All references cited hereinabove are hereby incorporated by reference. One skilled in the art will appreciate from a reading of this disclosure that various changes in form and detail can be made without departing from the true scope of the invention.

Claims

WHAT IS CLAIMED IS:

1. A method of preventing the formation of escape mutants in cells infected with a retrovirus comprising contacting said cells with at least two antisense oligonucleotides complementary to different regions of the retrovirus genome, wherein said oligonucleotides are sequentially contacted with said cells under conditions such that replication of said retrovirus is inhibited whereby a first of said at least two oligonucleotides is contacted first with said cells and subsequently a second of said at least two oligonucleotides is contacted with said cells.

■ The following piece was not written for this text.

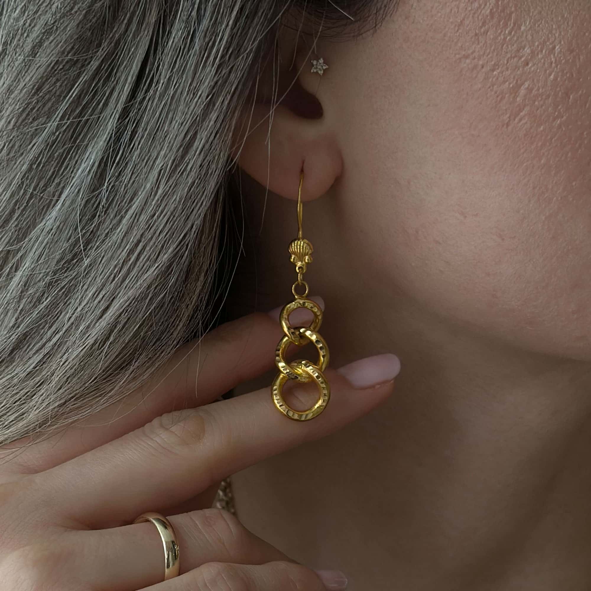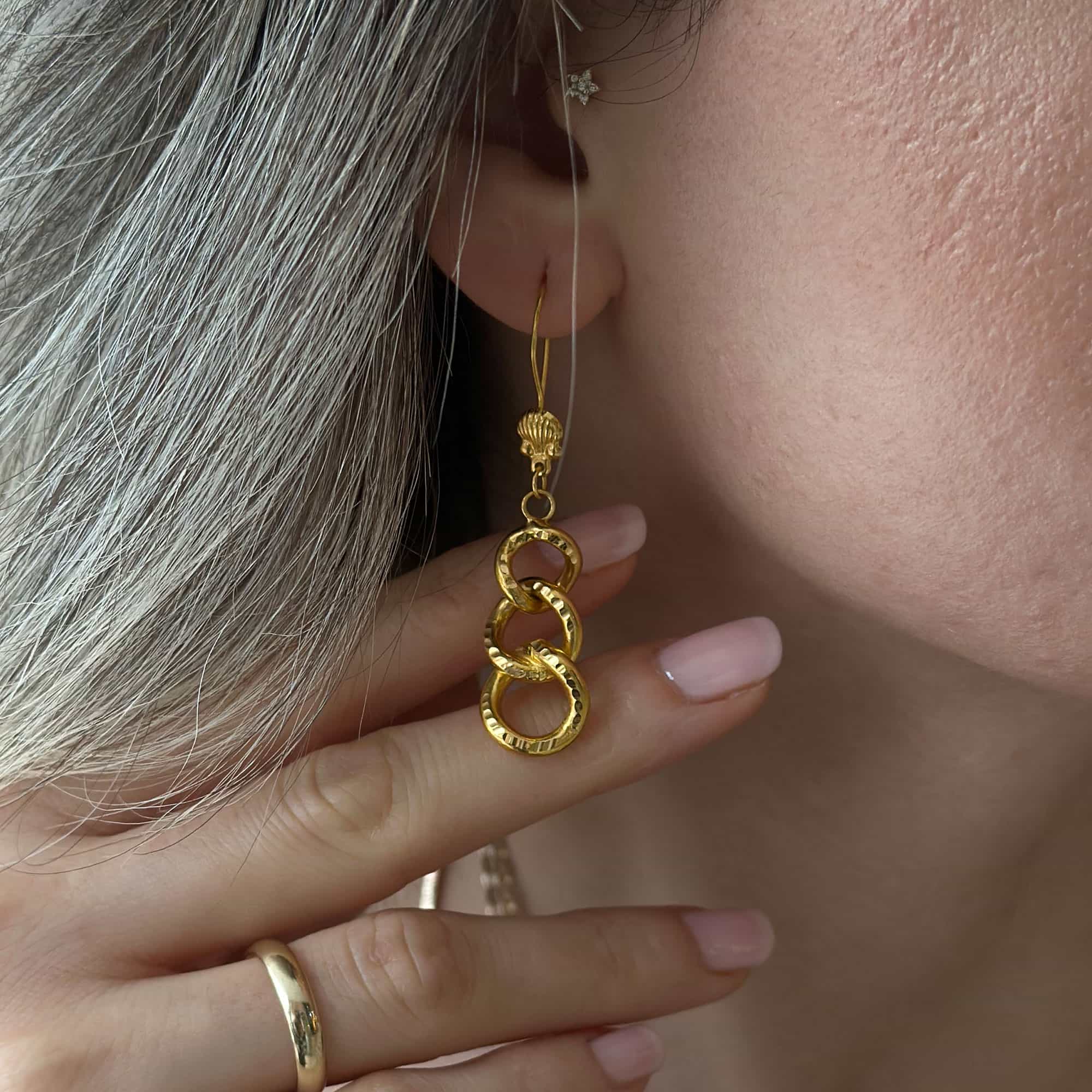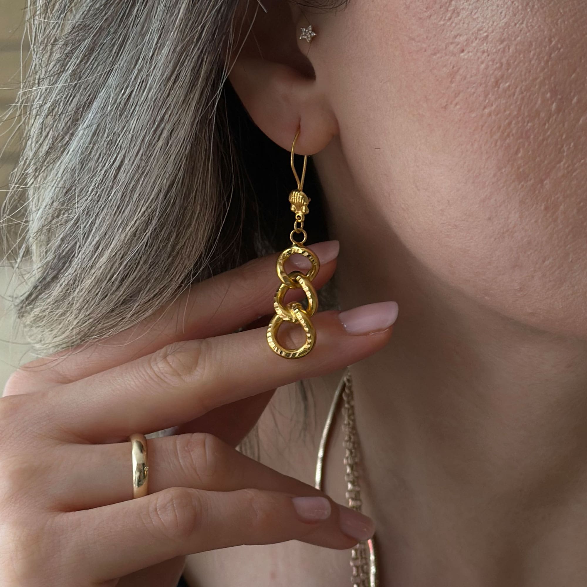Engin Kuyumculuk güvencesiyle sunulan 22 ayar Sallantılı Samanyolu Küpe, altın takılarda estetik, kalite ve işçiliği bir araya getiren nadir parçalardan biridir.

2. The method according to claim 1 wherein at least one of said oligonucleotides is complementary to a conserved region of the retrovirus genome.

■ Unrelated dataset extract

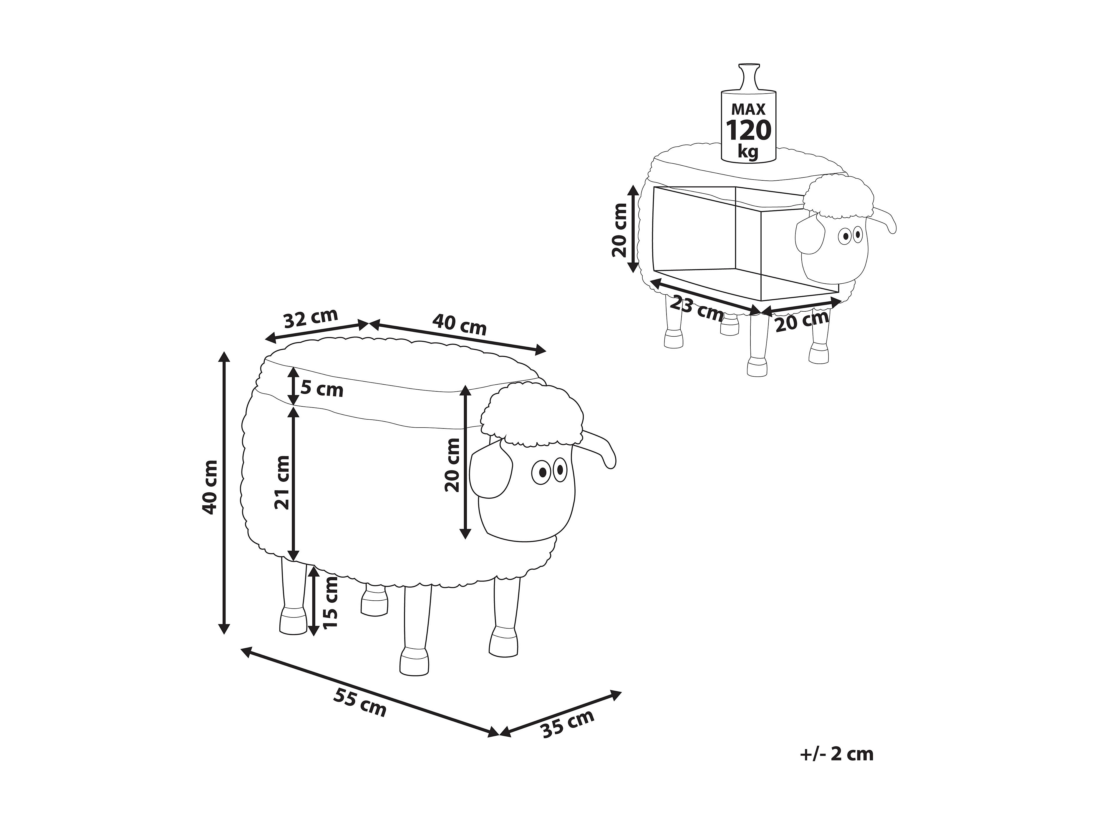 Tabouret de rangement animal SHEEP Tissu Marron

3. The method according to claim 1 wherein at least one of said oligonucleotides is complementary to rev mRNA.

4. The method according to claim 1 wherein at least one of said oligonucleotides is complementary to gag coding sequence and packaging signal.

5. The method according to claim 1 wherein at least one of said oligonucleotides is complementary to RRE.

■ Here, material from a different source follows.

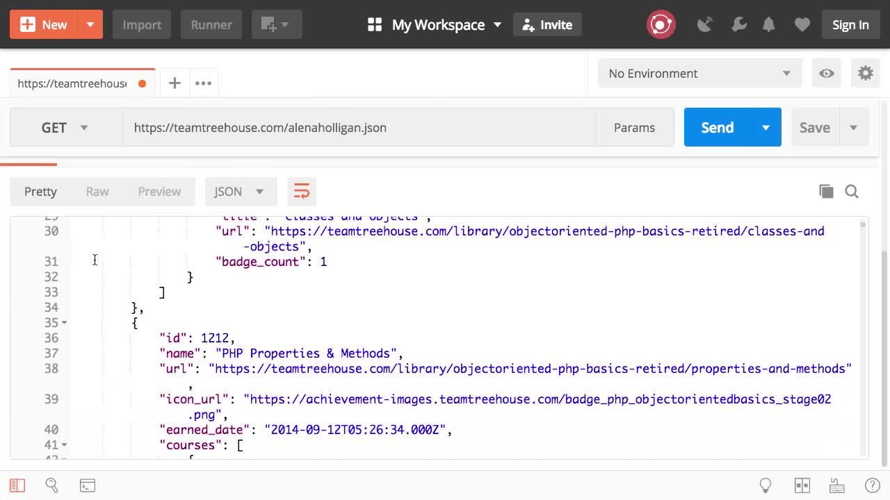 NOTE: the URL endpoint for treehouse profiles has changed slightly. Be sure to use https://teamtreehouse.com/profiles/alenaholligan.json instead.

6. The method according to claim 1 wherein said oligonucleotide is a chemically modified.

7. The method according to claim 1 wherein said oligonucleotide is about 28 bases long.

8. The method according to claim l wherein said retrovirus is HIV.

9. An in vitro culture system for testing an anti-viral agent comprising: i) contacting a culture of cells susceptible to infection with a virus to said virus under conditions such that infection of said cells is effected to the extent that infection with said virus occurs in vivo; ii) contacting said infected cells resulting from step (i) with different concentrations of an agent to be tested; iii) culturing said infected cells for a time period that corresponds to an in vivo treatment protocol for said virus and determining which of said concentrations inhibits replication of said virus throughout said time period.

.

10. The method according to claim 9 wherein said virus is HIV and said anti-viral agent is an antisense oligonucleotide complementary to a functional region of the HIV genome.

11. The method according to claim 10 wherein said period of time of step (iii) is a period sufficient for mutants to develop.